Rusia está preparada para ampliar la cooperación con Irán en todas las áreas, anunció el Kremlin el lunes.
Moscú tiene estrechas relaciones con Teherán y condenó los ataques estadounidenses e israelíes a instalaciones nucleares iraníes a principios de este año que se llevaron a cabo con el objetivo declarado de evitar que Teherán adquiriera una bomba nuclear. Irán niega estar construyendo un arma nuclear.
Cuando los periodistas preguntaron cómo veía Rusia el desarrollo de los eventos en torno al programa nuclear de Irán y si Moscú profundizaría los lazos con Teherán, el portavoz del Kremlin, Dmitry Peskov, dijo:
"Rusia está definitivamente lista para expandir la cooperación con Irán en todas las áreas. Irán es nuestro socio y nuestras relaciones están desarrollándose de manera muy dinámica."
Peskov dijo que los países europeos estaban ejerciendo "una presión excesiva" sobre Irán en relación con las negociaciones sobre su programa nuclear, y agregó que la situación era "muy complicada".

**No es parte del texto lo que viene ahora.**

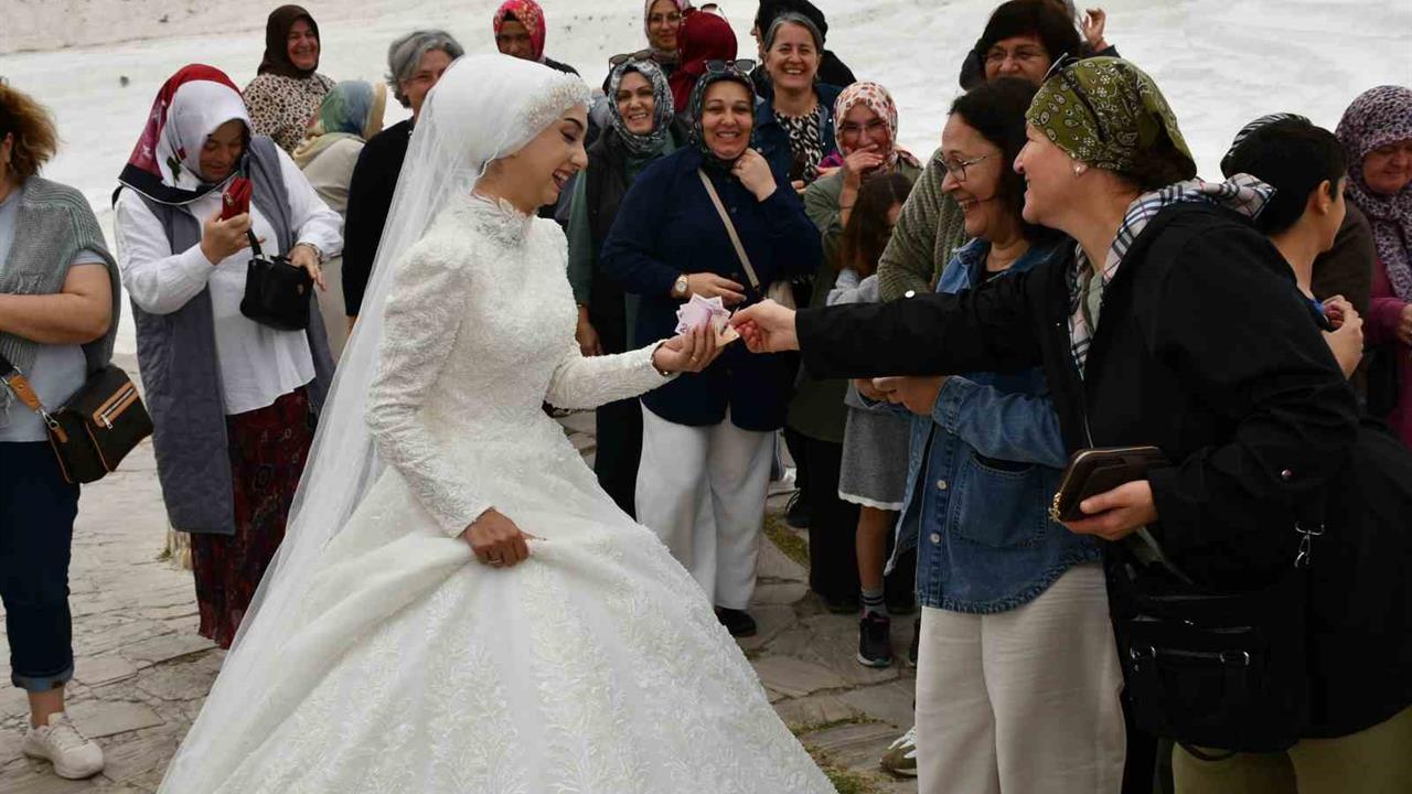 Çiftin fotoğraf çekimi sırasında Düzce'den gelen turist kafilesi, onları görünce iyi dileklerde bulundu ve takı takmaya başladı. Turistlerin çifte takı taktığı anlar, sosyal medyada büyük ilgi topladı. Özel bir hastanede hemşirelik yapan 28 yaşındaki Muhammed Büke, "6 Eylül 2024'te evlenmiştik. Eşim bir daha gelinlik giymek istemişti. Çekim için Pamukkale'yi tercih ettik. Düzceli turistler bizleri görünce ilgilendiler ve takı töreni gibi bir şey yaptılar. Çok güzel bir anıydı" dedi.

Un enviado del presidente ruso Vladimir Putin está programado para reunirse con el secretario del Consejo Supremo de Seguridad Nacional de Irán, Ali Larijani, más tarde el lunes, menos de una semana después de que Larijani se reuniera con el líder del Kremlin y le entregara un mensaje del líder supremo de Irán, el ayatolá Ali Khamenei.
Putin y su homólogo iraní Masoud Pezeshkian firmaron un acuerdo de asociación estratégica en enero, aunque el pacto no contiene una cláusula de defensa mutua. Moscú sostiene que suministra legalmente a Teherán equipo militar, mientras que Irán ha proporcionado a Rusia drones para usar en su guerra en Ucrania.
La gigante estatal rusa de energía nuclear Rosatom firmó el mes pasado un acuerdo de $25 mil millones con Irán para construir cuatro plantas de energía nuclear en el país, que sufre de escasez de electricidad y actualmente solo tiene una planta de energía nuclear en funcionamiento, construida por Rusia en la ciudad sureña de Bushehr.